* [DATASET EXTRACT]
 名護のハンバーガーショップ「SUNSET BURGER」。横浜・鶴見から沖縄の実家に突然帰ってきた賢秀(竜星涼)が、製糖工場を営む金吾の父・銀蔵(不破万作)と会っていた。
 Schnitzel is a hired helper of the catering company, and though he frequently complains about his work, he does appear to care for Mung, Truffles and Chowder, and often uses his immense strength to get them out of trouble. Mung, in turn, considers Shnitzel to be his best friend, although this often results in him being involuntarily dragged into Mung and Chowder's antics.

--

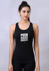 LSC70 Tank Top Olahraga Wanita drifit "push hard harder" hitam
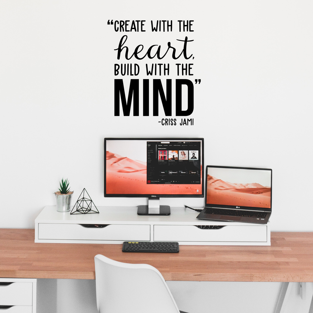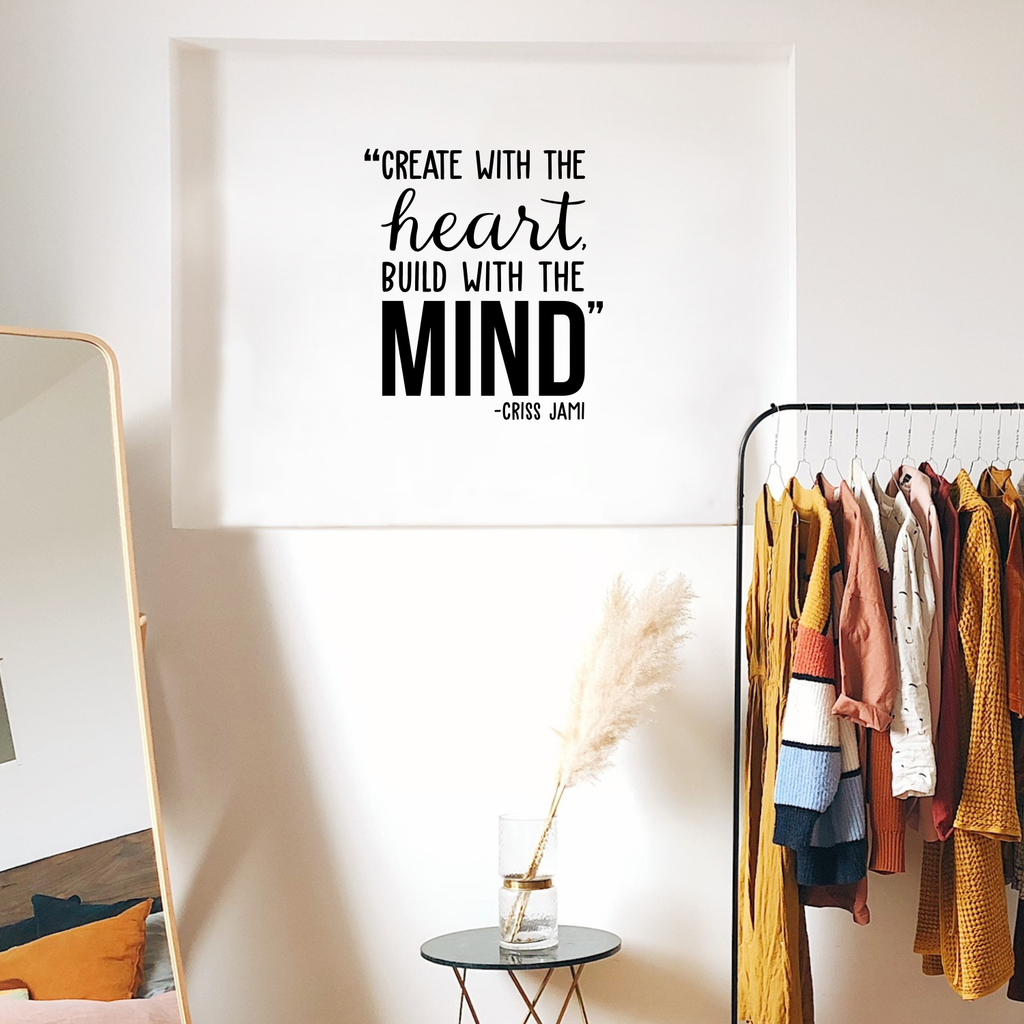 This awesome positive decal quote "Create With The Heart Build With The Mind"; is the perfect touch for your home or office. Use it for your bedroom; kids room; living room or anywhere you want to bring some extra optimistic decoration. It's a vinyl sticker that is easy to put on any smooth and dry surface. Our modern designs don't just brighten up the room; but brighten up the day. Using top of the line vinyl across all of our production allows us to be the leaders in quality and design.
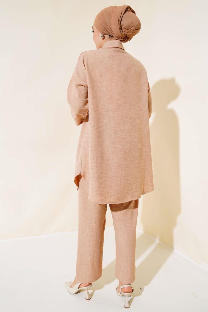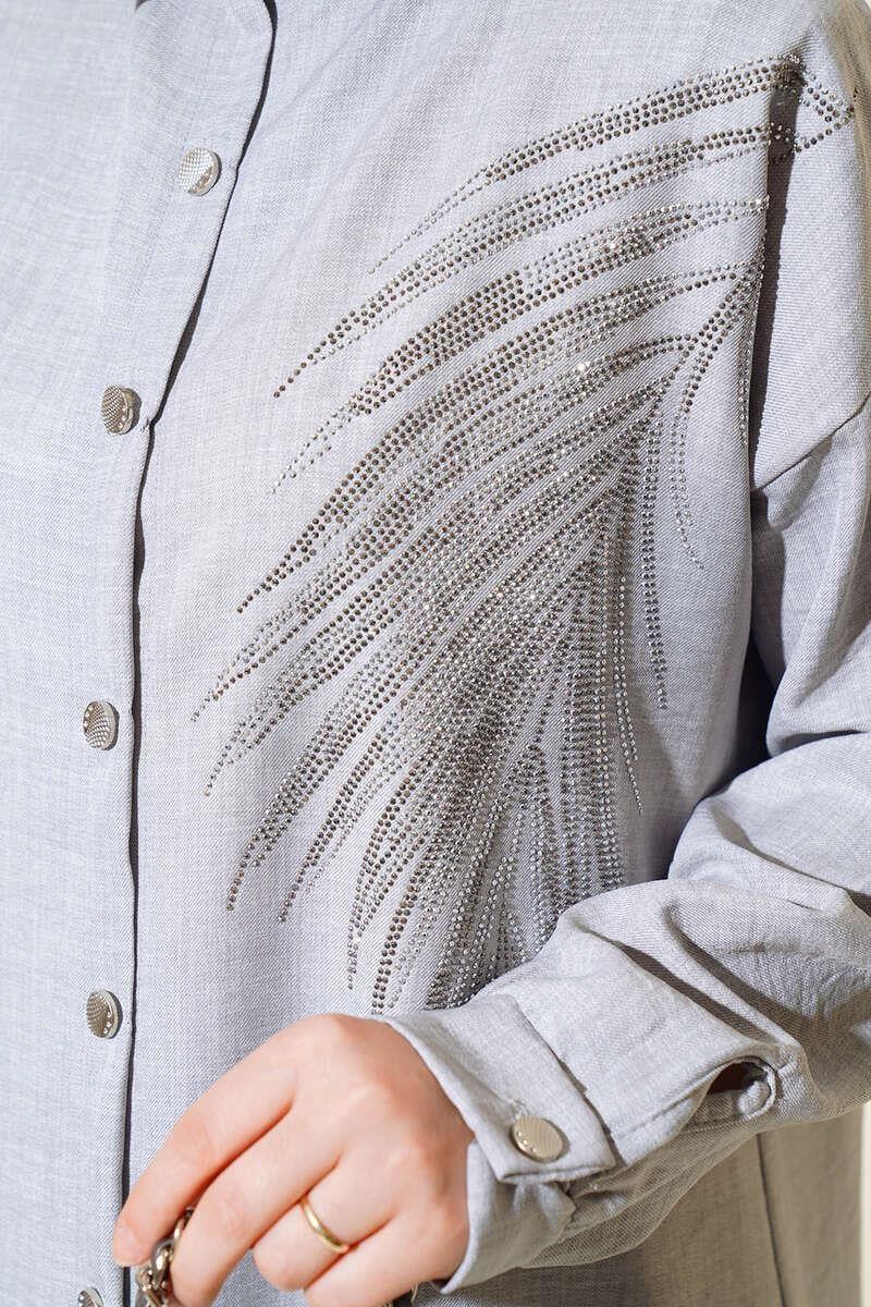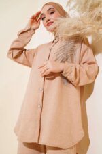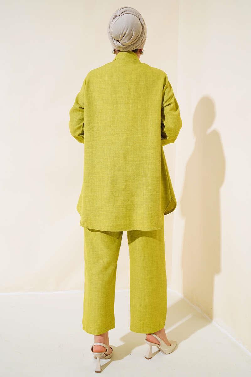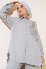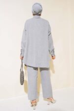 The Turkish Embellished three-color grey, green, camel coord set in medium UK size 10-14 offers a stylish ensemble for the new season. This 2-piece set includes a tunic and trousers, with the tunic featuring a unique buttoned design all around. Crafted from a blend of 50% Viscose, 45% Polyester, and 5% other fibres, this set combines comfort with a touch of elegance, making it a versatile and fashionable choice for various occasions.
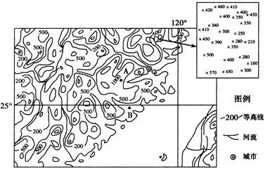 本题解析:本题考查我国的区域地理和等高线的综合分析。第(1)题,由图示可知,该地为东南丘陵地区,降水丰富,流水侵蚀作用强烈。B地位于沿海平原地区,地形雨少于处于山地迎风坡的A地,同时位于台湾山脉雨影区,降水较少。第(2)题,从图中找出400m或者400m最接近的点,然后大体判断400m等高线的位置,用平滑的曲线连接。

...

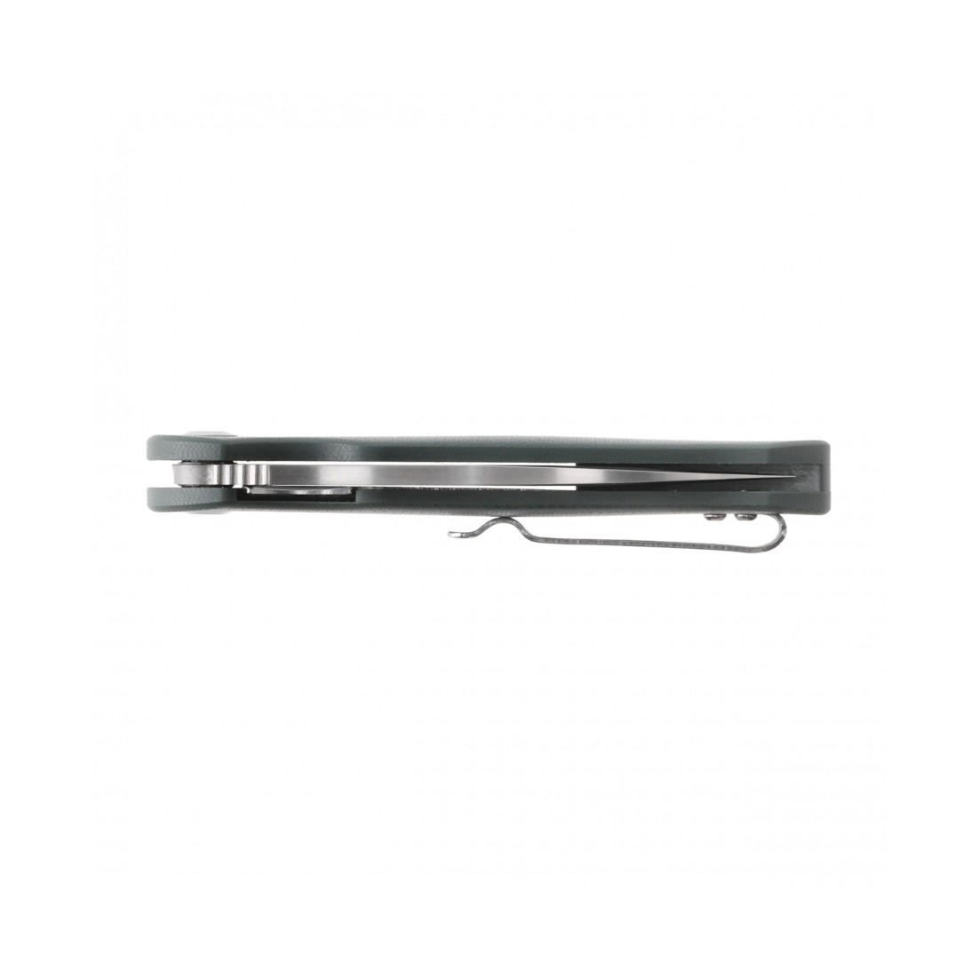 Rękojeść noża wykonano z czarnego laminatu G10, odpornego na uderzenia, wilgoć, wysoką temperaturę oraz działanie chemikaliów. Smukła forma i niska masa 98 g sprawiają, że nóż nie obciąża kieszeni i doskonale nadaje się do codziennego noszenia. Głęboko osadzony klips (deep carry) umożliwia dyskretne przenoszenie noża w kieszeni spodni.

* [TO DO] All lines above from the one with "名護のハンバーガーショップ「" to the one with "Schnitzel is a", inclusive, should be copied exactly, and no other lines.

* [ANSWER BELOW]
 名護のハンバーガーショップ「SUNSET BURGER」。横浜・鶴見から沖縄の実家に突然帰ってきた賢秀(竜星涼)が、製糖工場を営む金吾の父・銀蔵(不破万作)と会っていた。
 Schnitzel is a hired helper of the catering company, and though he frequently complains about his work, he does appear to care for Mung, Truffles and Chowder, and often uses his immense strength to get them out of trouble. Mung, in turn, considers Shnitzel to be his best friend, although this often results in him being involuntarily dragged into Mung and Chowder's antics.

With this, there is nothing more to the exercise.